Сейчас Хунсагу было уже за семьдесят, но внешне он не тянул и на половину прожитых лет. Ни одного седого волоска, гладкая смуглая кожа, свежий взгляд, легкая походка. В юности, будучи еще Митенькой, он не считал себя привлекательным. Самым красивым юношей в его окружении слыл некий Володя Яновский, которого отличали по-девичьи белая кожа, длинные оленьи ресницы, деликатный пастельный румянец и кудри, как у боттичеллевского ангела. Володей хотелось любоваться, Митенькины же черты казались резковатыми. Он был словно статуя, высеченная из камня, — не руками талантливого скульптора, но сухим степным ветром. Не то чтобы он придавал собственной наружности хоть какое-то значение, однако время шло, и Хунсагу не раз приходилось наблюдать, как некрасиво старятся боттичеллевские ангелы, как по-бабьи оплывают их некогда нежные лица, как редеют золотые кудри, а фарфоровая кожа становится пористой и грубой. Ему же возраст был к лицу. Время стало его огранщиком — не портя кожу глубокими морщинами, не комкая черты, не плавя четкие линии, оно углубило его взгляд, ужесточило линию рта, придало общее выражение мудрости, силы и покоя.
За несколько недель до сегодняшнего солнечного апрельского утра Хунсаг обрел первый в своей жизни дом.
Однажды в самом конце февраля он, как обычно, поднялся в половине пятого утра на первую медитацию, и словно что-то в спину его толкнуло: настало время пустить корни. Ему, Хунсагу, нужен дом. В тот же вечер он отправился на Ярославский вокзал и купил билет на первую попавшуюся электричку. У него всегда была интуиция зверя. Он не рассматривал пейзаж за окном — знал, что, когда надо, ноги сами вынесут его из вагона. Они и вынесли. Хунсаг даже название станции намеренно не прочитал. Это был его личный шик — не обращать внимание на мир людей.
Он постоял на перроне и дождался следующего поезда. Потом снова вышел на какой-то станции и пересел в другой. В последний поезд его не хотела пускать проводница, молодая, но уже оплывшая хамоватая блондинка. Хунсагу потребовалось двенадцать секунд на то, чтобы изменить ее мнение — девица оказалась трусливой и внушаемой. Она впустила его в собственное купе и все четыре часа пути пыталась то напоить сладким чаем, то накормить домашними котлетами. В конце концов пришлось вырубить ее коротким точным ударом ребром ладони по шее. Проводница рухнула на пол, как спиленная сосна. Хунсаг аккуратно переложил ее на полку, укрыл ноги ветхим казенным пледом и, прислушавшись к вялому дыханию, констатировал, что проспит она не менее двух часов.

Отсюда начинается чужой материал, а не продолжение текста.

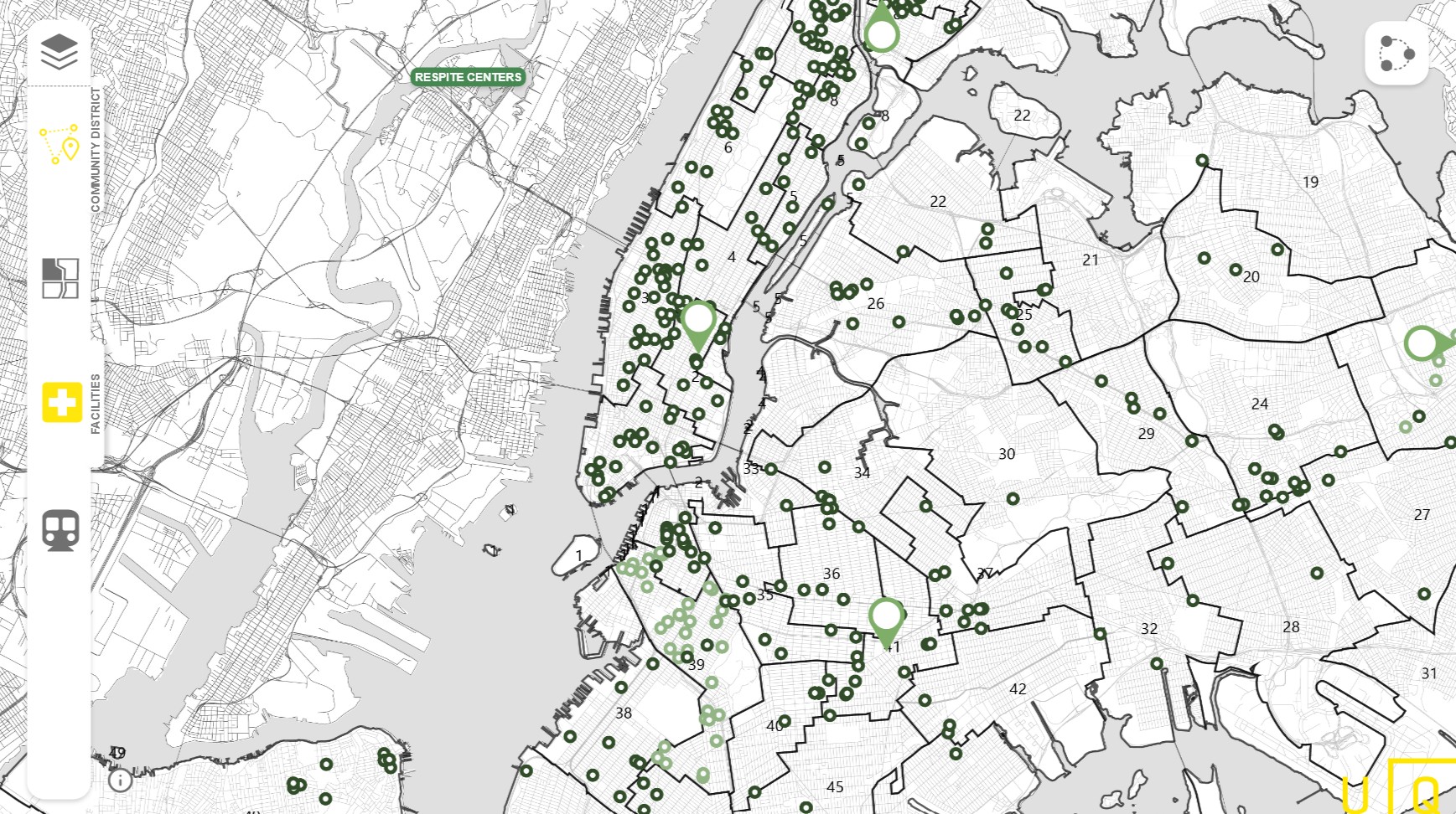 The interactive map allows the users to work in different scales, zooming in to study individual facility programs, or out to examine citywide patterns. Through a macro scale, users can toggle between layers to reveal where different organizations are located along with their community districts, their access to transportation, land use, and zoning conditions. In a micro scale, program diagrams illustrate the percentage of community spaces within each center as well as the different allocations of space. Together, they help to guide future land use decisions for the design and placement of facilities.

Наконец он почувствовал, что больше никуда ехать не стоит. Выйдя из поезда и оглядевшись, Хунсаг плотнее запахнул куртку, надвинул на лицо темный капюшон и медленно, но уверенно зашагал по протоптанной в снегу узкой тропинке. Немолодая женщина в ажурном шерстяном платке, торговавшая на станции мочеными яблоками, почему-то нахмуренно перекрестилась, глядя ему вслед.
Хунсаг шел и шел. Через рощу, через поле. Миновал какую-то деревню, потом еще одну. Свернул в лес. Долго и упрямо двигался по бездорожью. Он умел воспринимать любое монотонное действо медитацией. Ни о чем не думая, просто шел, сосредоточившись на дыхании, осанке, приятной мышечной ломоте. Наконец — к тому времени уже стемнело — остановился на небольшой опушке. И почувствовал: его дом будет здесь. Хунсаг сбросил рюкзак, прижался спиной к лысому стволу сосны и с наслаждением вдохнул чистый морозный воздух. Здесь, в этой глуши, он и проведет остаток жизни. И, если все пойдет так, как задумано, будет не один.